++++ DATASET CONTENT
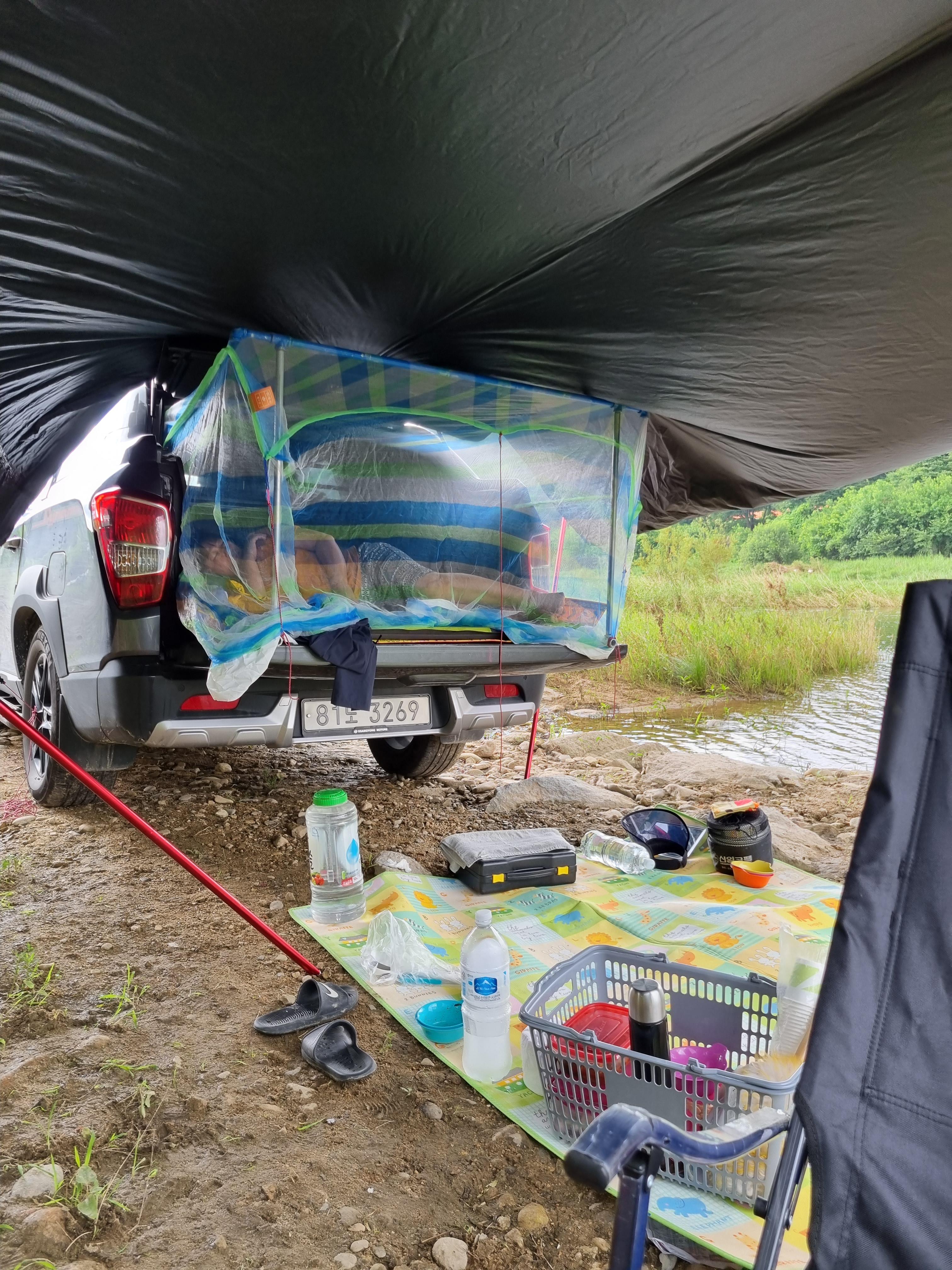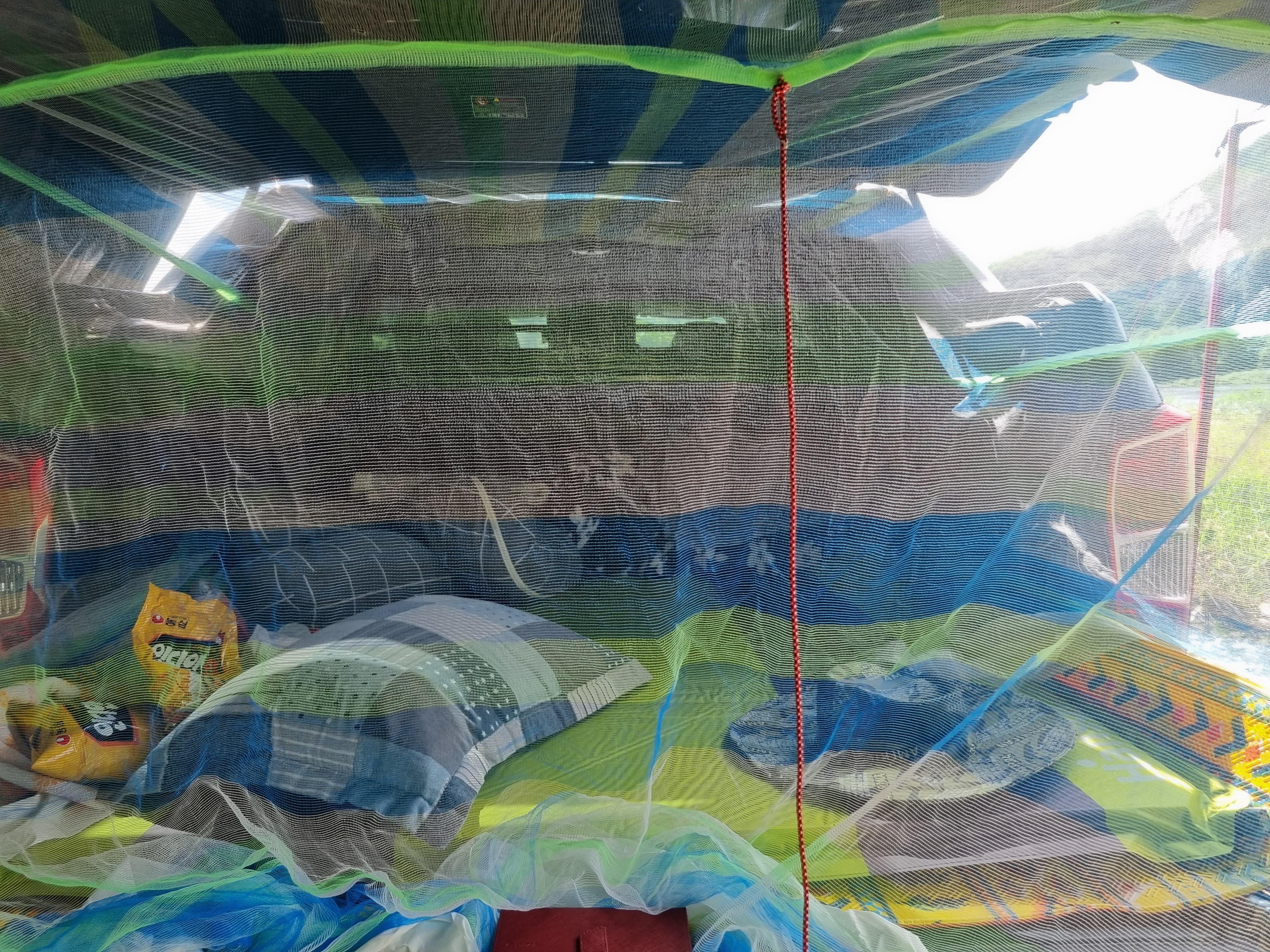 모기나 벌레가 차 안에 들어오는 걸 막는 데는 모기장이 필수.
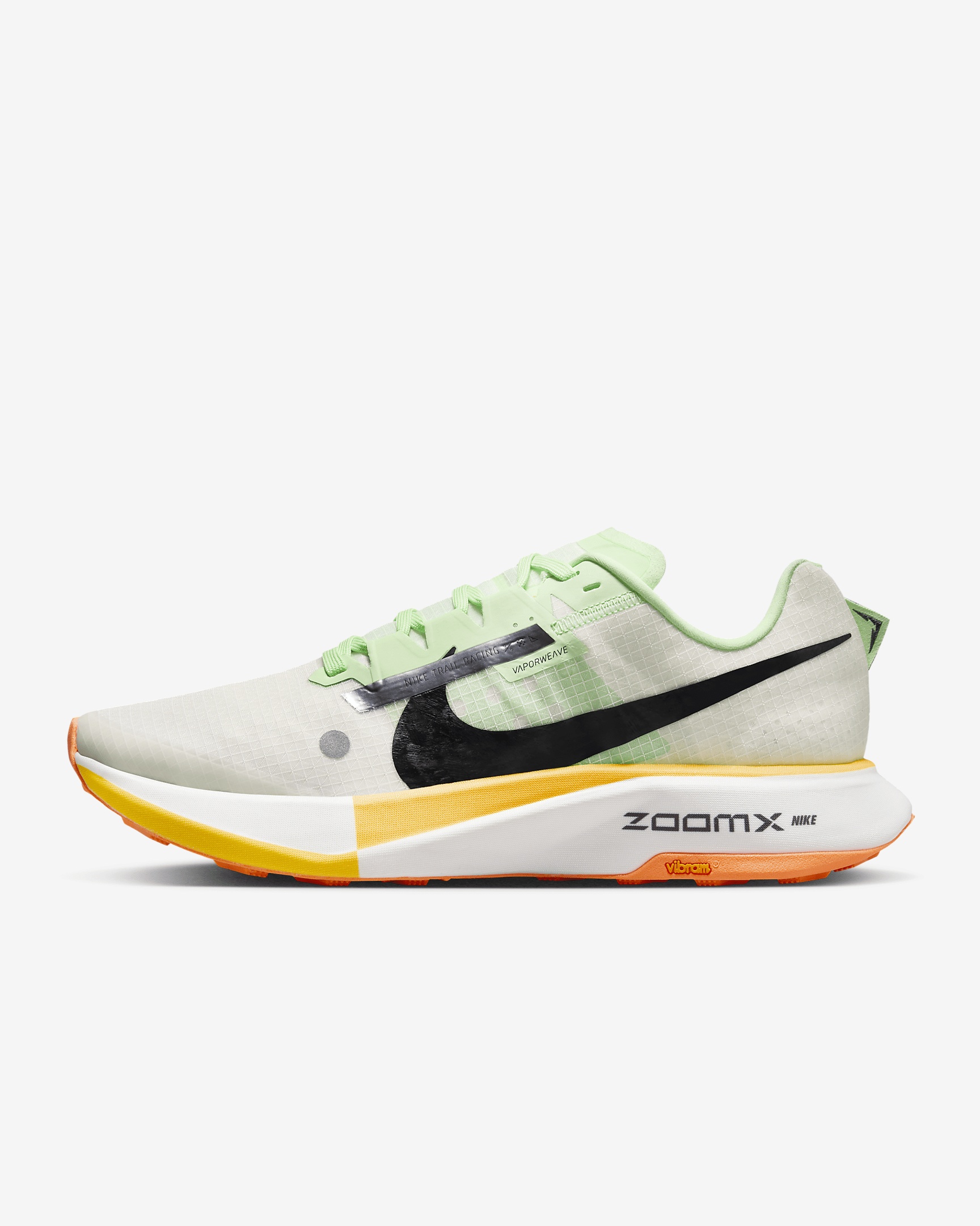 Manifest your mountainous best, when the trail ahead is skiddy and uncertain. Our all-new championship trail racing shoe melds our best speed components from the running world with what you need to plant your flag first at the finish line. It offers peak performance, sleek speed and endurance for those who want to summit nature’s playground. More Benefits - Vaporweave mesh on the upper provides breathability. - Foam midsole adds cushioning. Product Details - Weight: Approx. 300 g (Men's size 10) - Heel-to-toe drop: 8.5 mm - Not intended for use as Personal Protective Equipment (PPE) - Shown: Summit White/Vapor Green/Laser Orange/Black - Style: DX1978-102
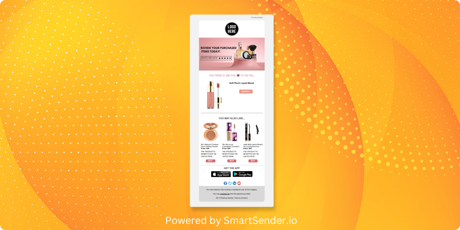 Then, the platform will wait 20 days and will send an email asking to write a review and will recommend other makeup items.
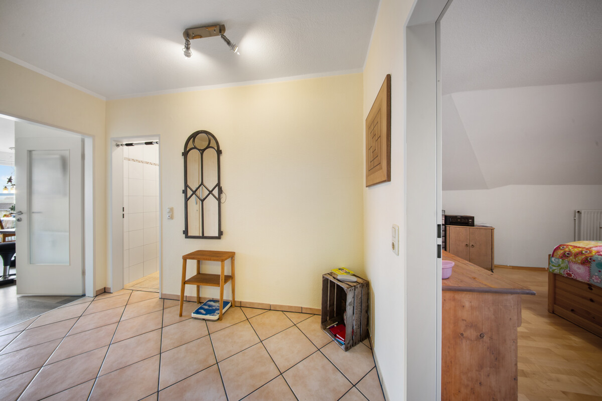Das Schlafzimmer bietet ausreichend Platz für Bett und Kleiderschrank und verfügt über einen direkten Zugang zum Badezimmer. Das Wannenbad ist somit bequem vom Schlafzimmer aus erreichbar und sorgt für zusätzlichen Komfort im Alltag. Ein separates WC ergänzt das Raumangebot sinnvoll.
++++++++
WORK INSTRUCTION
Once the pictures are dropped, please print every remaining line of the material verbatim.

FINISHED EXERCISE
 모기나 벌레가 차 안에 들어오는 걸 막는 데는 모기장이 필수.
 Manifest your mountainous best, when the trail ahead is skiddy and uncertain. Our all-new championship trail racing shoe melds our best speed components from the running world with what you need to plant your flag first at the finish line. It offers peak performance, sleek speed and endurance for those who want to summit nature’s playground. More Benefits - Vaporweave mesh on the upper provides breathability. - Foam midsole adds cushioning. Product Details - Weight: Approx. 300 g (Men's size 10) - Heel-to-toe drop: 8.5 mm - Not intended for use as Personal Protective Equipment (PPE) - Shown: Summit White/Vapor Green/Laser Orange/Black - Style: DX1978-102
 Then, the platform will wait 20 days and will send an email asking to write a review and will recommend other makeup items.
Das Schlafzimmer bietet ausreichend Platz für Bett und Kleiderschrank und verfügt über einen direkten Zugang zum Badezimmer. Das Wannenbad ist somit bequem vom Schlafzimmer aus erreichbar und sorgt für zusätzlichen Komfort im Alltag. Ein separates WC ergänzt das Raumangebot sinnvoll.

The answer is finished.